There are two principal issues that affect how PR is perceived in the popular imagination:
- No one knows what you do for a living, often confusing your trade with advertising or simple publicity, and
- People who think they know what PR is learned what they learned from shows like E!'s The Spin Crowd.
For those of you who haven't yet experienced the latest basic-cable-conveyed inconvenience to the poor electrons that zip through the wires leading up to your cable box, The Spin Crowd is like MTV's PoweR Girls, only without the excitement of having Lizzie "Terror of the Hamptons" Grubman at the helm.
Instead, we have Jonathan Cheban, whom the Post referred to as "The Devil Makes Everyone Else Wear Prada." In the first episode, Cheban browbeats a first-year associate into getting her lips plumped with collagen injections, calling her "homely" to her face and encouraging her to "step it up". (This is Hollywood, after all.) Post-plumping, he enthused that he just couldn't wait to get her in front of the clients, only to flip out when the associate informs him that she wisely opted for a more temporary procedure. Cheban's VP, Simon Huck, exacted revenge on the associate's behalf by playing on his boss's vanity and talking him into undergoing a painful cryo-removal process for his love handles.
Just another day at any PR firm, right?
Later, Cheban dangles a raise in front of another associate if she would just get their client's celebrity spokesperson Mario Lopez to take his shirt off. (The spokesperson, incidentally, does not use the client's product, which is a tanning aid of some kind. Total regulator-bait, for sure.)
I'm once again reminded of Charles Ferguson's severe appraisal of PR professionals in his book High Stakes, No Prisoners:
The [PR] women are smart, hard as nails, ruthless, and often stunningly gorgeous. The rank and file is completely dominated by attractive young women, various combinations of dragon lady and bimbette, whose job is social lubrication — opening doors, getting interviews, pushing you through a crowd toward sometone they're just dying to have you meet.
...Granted, watching newly hatched Hollywood publicists compile media lists or editorial calendars probably doesn't make for the best TV, to say nothing of being hunched over a computer writing a three-year-long strategic plan. So, I recognize that a lot of the show's shooting and editing is done for dramatic effect.
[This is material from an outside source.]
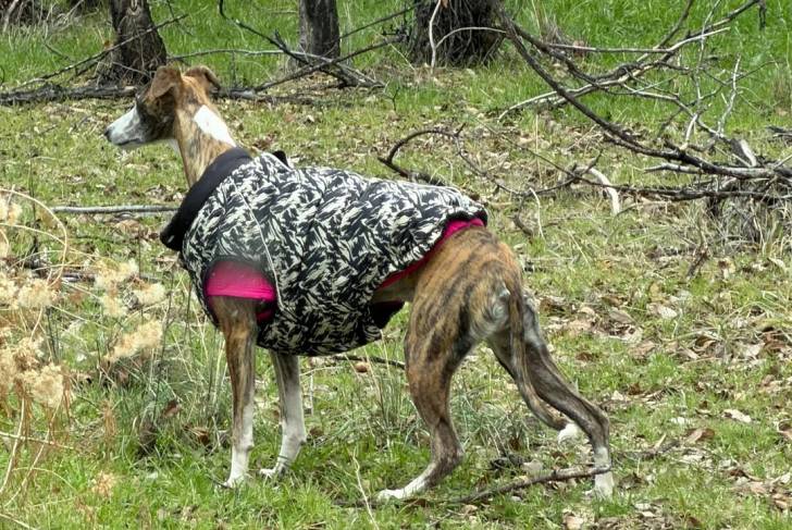 Un Chart Polski sur un terrain herbeux et portant un gilet

The [PR] men generally reminded me of my reaction to Clinton advisors like Dick Morris or David Gergen — greasy, overweight, amoral, somehow pathetic even when extremely successful.
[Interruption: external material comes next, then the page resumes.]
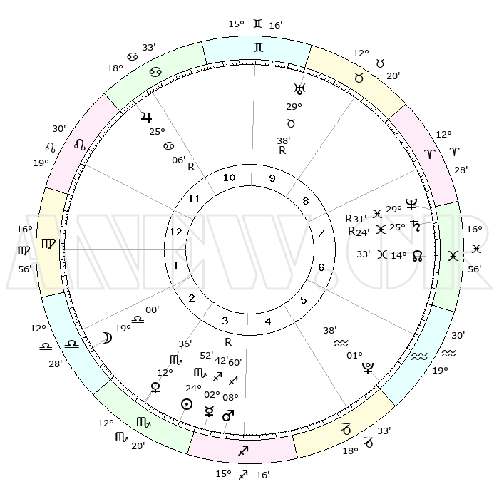 | | ΘΕΣΕΙΣ ΠΛΑΝΗΤΩΝ ΑΣΤΡΟΛΟΓΙΚΟΥ ΧΑΡΤΗ ΤΗΣ ΣΤΙΓΜΗΣ ΑΥΤΗΣ | | | | Πλανήτης | Ζώδιο | Μοίρες | Δεκαήμ. | Σε οίκο | Απόκλιση | | Ακμές των οίκων | | Ηλιος | Σκορπιός | 24°46' | Τρίτο | 4 | 18 S 57 | | 1ος | 17°59' | Λέων | | Σελήνη | Ζυγός | 17°49' | Δεύτερο | 3 | 09 S 27 | | 2ος | 10°35' | Παρθένος | | Ερμής | Τοξότης | 02°48'R | Πρώτο | 4 | 21 S 21 | | 3ος | 07°59' | Ζυγός | | Αφροδίτη | Σκορπιός | 12°28' | Δεύτερο | 4 | 14 S 28 | | 4ος | 10°34' | Σκορπιός | | Αρης | Τοξότης | 08°56' | Πρώτο | 4 | 22 S 19 | | 5ος | 15°38' | Τοξότης | | Δίας | Καρκίνος | 25°06'R | Τρίτο | 12 | 21 N 14 | | 6ος | 18°45' | Αιγόκερως | | Κρόνος | Ιχθείς | 25°24'R | Τρίτο | 8 | 04 S 03 | | 7ος | 17°59' | Υδροχόος | | Ουρανός | Ταύρος | 29°38'R | Τρίτο | 10 | 19 N 52 | | 8ος | 10°35' | Ιχθείς | | Ποσειδώνας | Ιχθείς | 29°32'R | Τρίτο | 8 | 01 S 26 | | 9ος | 07°59' | Κριός | | Πλούτωνας | Υδροχόος | 01°38' | Πρώτο | 6 | 23 S 28 | | 10ος | 10°34' | Ταύρος | | Β. Δεσμός | Ιχθείς | 14°33' | Δεύτερο | 8 | 06 S 05 | | 11ος | 15°38' | Δίδυμοι | | Ωροσκόπος | Λέων | 17°59' | Δεύτερο | | | 12ος | 18°45' | Καρκίνος | | Μεσουράνημα | Ταύρος | 10°34' | Δεύτερο | | | |

But I can't help feeling that this does a great disservice to PR, which has only relatively recently started to be taken seriously as a strategic, corporate-management-level discipline. (Not that I expect many folks to care, especially the media outlets that will review and report about this show.)
I entertain myself by imagining that this show does for the public's perception of PR what CSI did to jury pools across the United States. Just as real lawyers and criminologists will chuckle and scoff at the ten-minute DNA tests and the Beautiful Mind-like deduction powers of the protagonists, I think I might actually enjoy how far from reality this reality show gets.